5.4 The Client may, subject to the last sentence of this clause, make a reasonable amount of copies of the Work (or part of the Work) for distribution to its own personnel and strictly for internal business purposes only. The Client shall ensure that each such copy of the Work (or part thereof) shall bear a statement acknowledging its source. The Client shall have no right to make any copies of any Deliverables on which AMPLIFIED GROUP does not own the copyright.

6. Client’s obligations

6.1 The Client will use reasonable endeavours to ensure that its staff, contractors and other suppliers co-operate with AMPLIFIED GROUP and cause no material delay.

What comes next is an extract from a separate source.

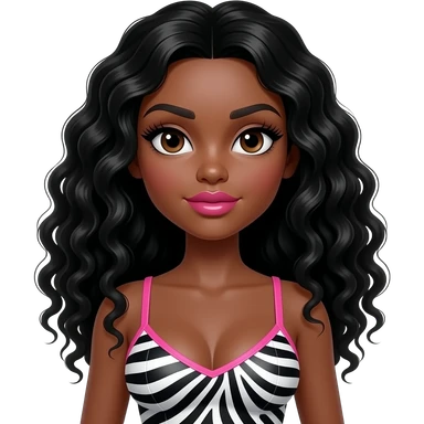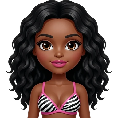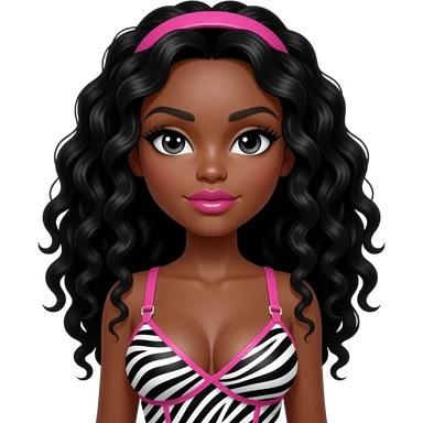Baddie lashes, dark brown, doll eyes, doll body, Black girl, dark brown skin with long curly black hair, black eyebrows, doll eyes, with giant breast, giant pink lips, plastic surgery, zebra print with pink straps emoji

7. Confidentiality and data protection

7.1 Both during and after the provision of the Services, both parties shall keep confidential any information of the other party that is obtained in connection with the provision of the Services and that is clearly designated as ‘confidential’ or that is by its nature clearly confidential. Neither party shall use such information except in connection with the Services nor divulge it to any third party without the prior written permission of the other party.

8. Term and termination

8.1 The Contract will commence on the date that AMPLIFIED GROUP receives the signed SOW from the Client and shall continue in full force and effect until the Services have been completed, subject to earlier termination pursuant to Clauses 8.2 and 8.3.

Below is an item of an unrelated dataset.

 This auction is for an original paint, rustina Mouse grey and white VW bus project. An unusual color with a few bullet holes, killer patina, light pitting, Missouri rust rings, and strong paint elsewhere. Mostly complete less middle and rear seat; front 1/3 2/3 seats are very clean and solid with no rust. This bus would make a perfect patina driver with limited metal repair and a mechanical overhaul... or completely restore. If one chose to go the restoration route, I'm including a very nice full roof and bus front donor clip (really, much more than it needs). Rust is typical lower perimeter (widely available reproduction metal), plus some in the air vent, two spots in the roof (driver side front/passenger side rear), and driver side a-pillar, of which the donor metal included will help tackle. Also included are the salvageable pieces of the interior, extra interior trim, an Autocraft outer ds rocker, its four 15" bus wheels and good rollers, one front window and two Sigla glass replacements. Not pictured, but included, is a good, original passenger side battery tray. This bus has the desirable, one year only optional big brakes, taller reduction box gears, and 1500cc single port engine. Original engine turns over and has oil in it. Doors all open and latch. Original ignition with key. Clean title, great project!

8.2 AMPLIFIED GROUP may terminate provision of the Services at any time if:

8.2.1 it has given the Client one months’ notice in writing; or

8.2.2 the Client attempts substantially to alter the scope or definition of the Services without AMPLIFIED GROUP’s prior written agreement.

8.3 On termination, AMPLIFIED GROUP will be entitled to be paid all fees and expenses incurred or accrued and payable by the Client as at the date of termination or cancellation of the Services.

9. Warranty and liability

9.1 In the event of damage to tangible physical property, where it is established that such damage to property has arisen as a direct result of the negligence of either the Client or AMPLIFIED GROUP while providing the Services, both the Client and AMPLIFIED GROUP’s liability shall be limited to a maximum of £1,000 (one thousand pounds) per claim or series of related claims.

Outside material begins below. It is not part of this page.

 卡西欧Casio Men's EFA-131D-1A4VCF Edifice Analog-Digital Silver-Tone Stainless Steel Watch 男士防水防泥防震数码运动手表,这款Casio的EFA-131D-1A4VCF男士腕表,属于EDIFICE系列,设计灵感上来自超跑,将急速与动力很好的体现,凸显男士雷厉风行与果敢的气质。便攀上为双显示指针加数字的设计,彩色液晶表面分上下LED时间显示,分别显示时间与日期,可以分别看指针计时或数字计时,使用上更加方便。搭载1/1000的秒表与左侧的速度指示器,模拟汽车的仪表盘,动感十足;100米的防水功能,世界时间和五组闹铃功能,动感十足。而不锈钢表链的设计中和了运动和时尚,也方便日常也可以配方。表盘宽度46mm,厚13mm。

9.2 Neither the Client or AMPLIFIED GROUP will be liable for any indirect or consequential loss, loss of business, profit, revenue, data or goodwill, nor for lost or wasted management time or employee time of both parties.

10. Force majeure

AMPLIFIED GROUP has no liability to the Client if AMPLIFIED GROUP is unable to provide all or a part of the Services in accordance with the SOW or otherwise as a result of circumstances beyond AMPLIFIED GROUP’s reasonable control, including without limitation, war, strike, lockout, industrial disputes, riot, civil commotion, acts of Government, fire, blockade, accident, natural catastrophe, disaster.

11. Waiver

No delay, neglect or forbearance by either party in enforcing any provision of the SOW or these AMPLIFIED GROUP Terms shall be deemed to be a waiver or in any way prejudice any rights of that party.

12. Rights of third parties

Nothing in these AMPLIFIED GROUP Terms or the SOW confers or purports to confer on any third party any right to enforce any of the SOW or these AMPLIFIED GROUP Terms.

13. Governing law and jurisdiction

These Terms and the SOW are governed by and construed in accordance with the laws of England, and are subject to the exclusive jurisdiction of the English courts.

14. Entire agreement

14.1 These AMPLIFIED GROUP Terms together with the SOW constitute the entire agreement between AMPLIFIED GROUP and the Client in relation to the Services, and supersede all earlier communications. Each party acknowledges that it has not relied on any commitment, representation or warranty in entering into the Contract, other than those expressly set out in the Contract. No amendment or other variation to these AMPLIFIED GROUP Terms by the Client will be effective unless it is in writing, is dated and is signed by a duly authorised representative of AMPLIFIED GROUP and the Client.

14.2 If there is any conflict between these AMPLIFIED GROUP Terms and the SOW, these AMPLIFIED GROUP Terms will prevail.